### WHAT THE TASK REQUIRES
Give the records below again, word for word. No pictures belong in the copy.

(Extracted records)
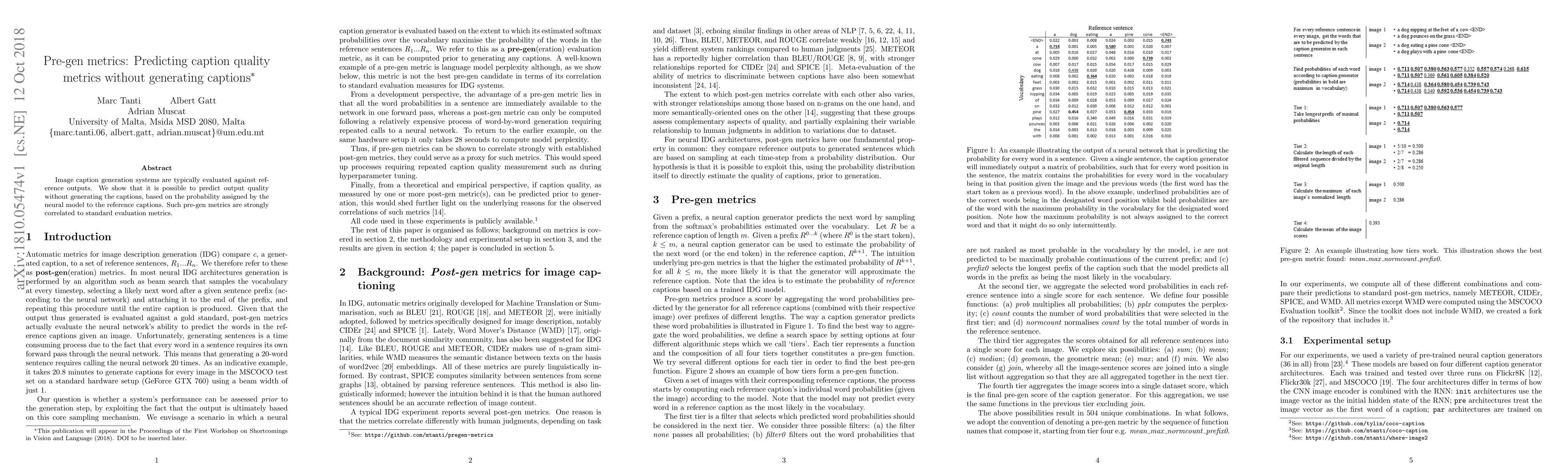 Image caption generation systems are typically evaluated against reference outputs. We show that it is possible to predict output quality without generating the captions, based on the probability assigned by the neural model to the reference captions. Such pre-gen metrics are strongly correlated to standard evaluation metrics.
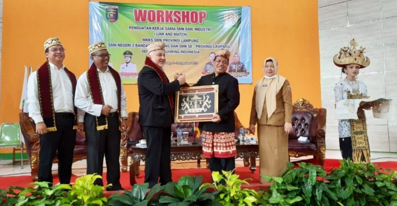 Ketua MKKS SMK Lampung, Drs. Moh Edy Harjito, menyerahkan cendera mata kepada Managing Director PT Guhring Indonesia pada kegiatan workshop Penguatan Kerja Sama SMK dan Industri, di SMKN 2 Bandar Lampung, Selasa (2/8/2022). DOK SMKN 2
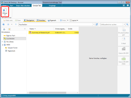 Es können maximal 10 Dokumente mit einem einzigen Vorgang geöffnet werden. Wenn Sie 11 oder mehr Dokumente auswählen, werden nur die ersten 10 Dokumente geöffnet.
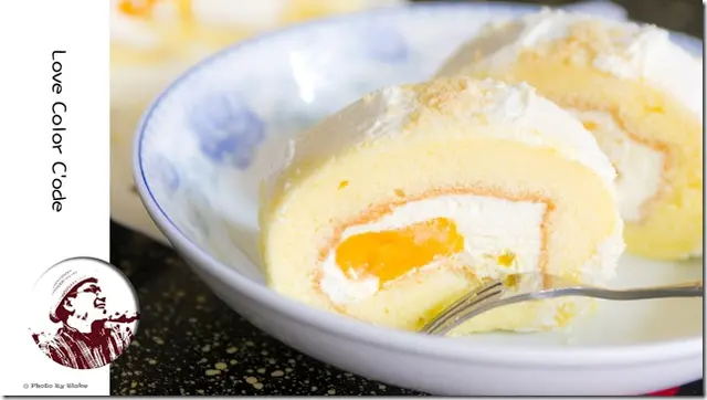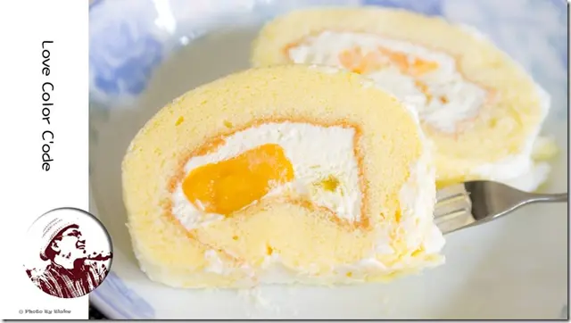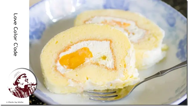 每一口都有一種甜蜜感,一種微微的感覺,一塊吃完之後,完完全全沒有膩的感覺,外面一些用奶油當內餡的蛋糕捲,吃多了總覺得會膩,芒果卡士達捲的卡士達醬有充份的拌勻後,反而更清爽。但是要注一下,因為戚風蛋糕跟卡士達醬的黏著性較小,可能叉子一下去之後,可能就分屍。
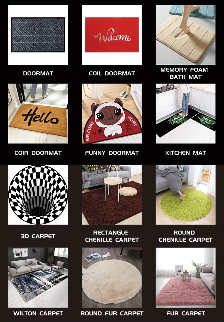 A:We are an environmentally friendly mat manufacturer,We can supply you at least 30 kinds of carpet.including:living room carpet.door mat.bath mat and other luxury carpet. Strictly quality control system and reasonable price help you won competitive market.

### ANSWER TO THIS EXERCISE
 Image caption generation systems are typically evaluated against reference outputs. We show that it is possible to predict output quality without generating the captions, based on the probability assigned by the neural model to the reference captions. Such pre-gen metrics are strongly correlated to standard evaluation metrics.
 Ketua MKKS SMK Lampung, Drs. Moh Edy Harjito, menyerahkan cendera mata kepada Managing Director PT Guhring Indonesia pada kegiatan workshop Penguatan Kerja Sama SMK dan Industri, di SMKN 2 Bandar Lampung, Selasa (2/8/2022). DOK SMKN 2
 Es können maximal 10 Dokumente mit einem einzigen Vorgang geöffnet werden. Wenn Sie 11 oder mehr Dokumente auswählen, werden nur die ersten 10 Dokumente geöffnet.
 每一口都有一種甜蜜感,一種微微的感覺,一塊吃完之後,完完全全沒有膩的感覺,外面一些用奶油當內餡的蛋糕捲,吃多了總覺得會膩,芒果卡士達捲的卡士達醬有充份的拌勻後,反而更清爽。但是要注一下,因為戚風蛋糕跟卡士達醬的黏著性較小,可能叉子一下去之後,可能就分屍。
 A:We are an environmentally friendly mat manufacturer,We can supply you at least 30 kinds of carpet.including:living room carpet.door mat.bath mat and other luxury carpet. Strictly quality control system and reasonable price help you won competitive market.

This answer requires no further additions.